We had good wind on the beam, and went from stuck to gloriously free and broad-reaching in an almost imperceptible interval. The waxing gibbous moon set behind us as we headed for the dim lights of the mainland, behind which the sun rose a few hours later. Streaks of phosphorescence torpedoed toward the boat, then swam with us, and we took turns at the bow watching dolphins (or porpoise?) watching us from just beneath the water.

In my 30 years at sea, it was one of my favorite moments.

4 Comments

  1. Dennis Deisinger 1 year ago

    So, want to go to San Miguel. Nice write up. Always 25kts when I have sailed past. Some day.
    Dennis

  2. Rudy Salazar, Lompoc, CA, formerly of Sausalito, Hooligan and US101 1 year ago

    Having been an aircrewman at Pt Mugu in the late 70s, I became very familiar with the Channel Islands due to low level aero tours while on hold during range clearance operations. San Miguel was often under FBI surveilance because of smugglers using the island as a remote landing destination. Am really happy that the offshore realm is now a park and marine sanctuary, trually the best use imaginable. Good article.
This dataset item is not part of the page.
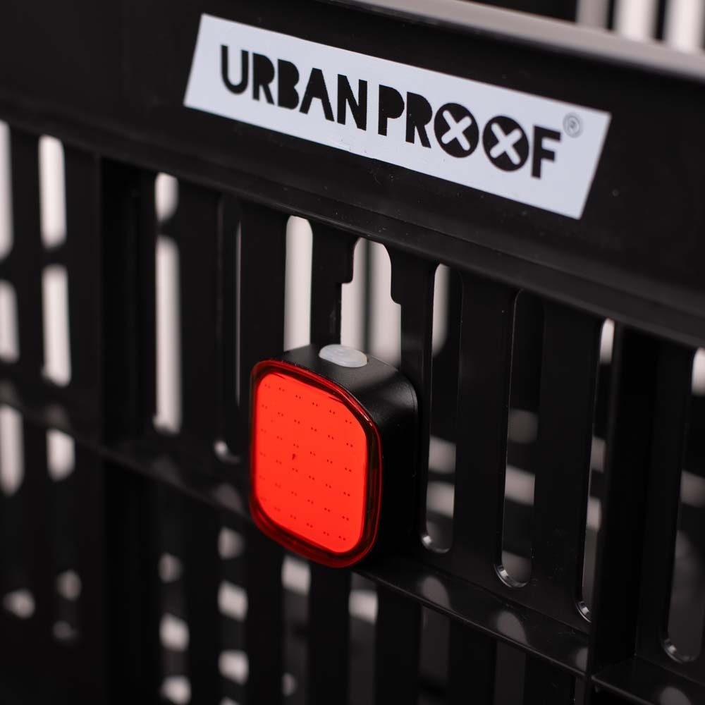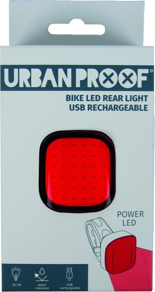 Een vierkant LED-achterlicht van Urban Proof, voor achterop de fiets, te bevestigen aan de zadelpen of de bagagedrager. Het duurzame achterlicht is USB-oplaadbaar en gaat lang mee. Bovendien is het lampje IPX4 waterbestendig. Met dit rode lichtje (20 LM) bent u goed zichtbaar voor andere weggebruikers.

  3. Jean Ouellette 1 year ago

    A birder amigo identifies the bird as a pine siskin, noting particularly the slender bill. A seed eater, as you described. The Cornell Laboratory of Ornithology notes that the species is widespread across North America, including most of the US, a good chunk of southern Canada, and much of central to eastern Mexico. They do gad about somewhat, including, obviously, offshore.

  4. Christine Weaver 1 year ago

    Stephen Buckingham of San Francisco comments: “If there are interested parties, the campground with lean-to’s pictured in ‘Lectronic Latitude is on Santa Rosa Island. I love that place, spent 10 days there. Hope to go back in the RoG [River of Grass].”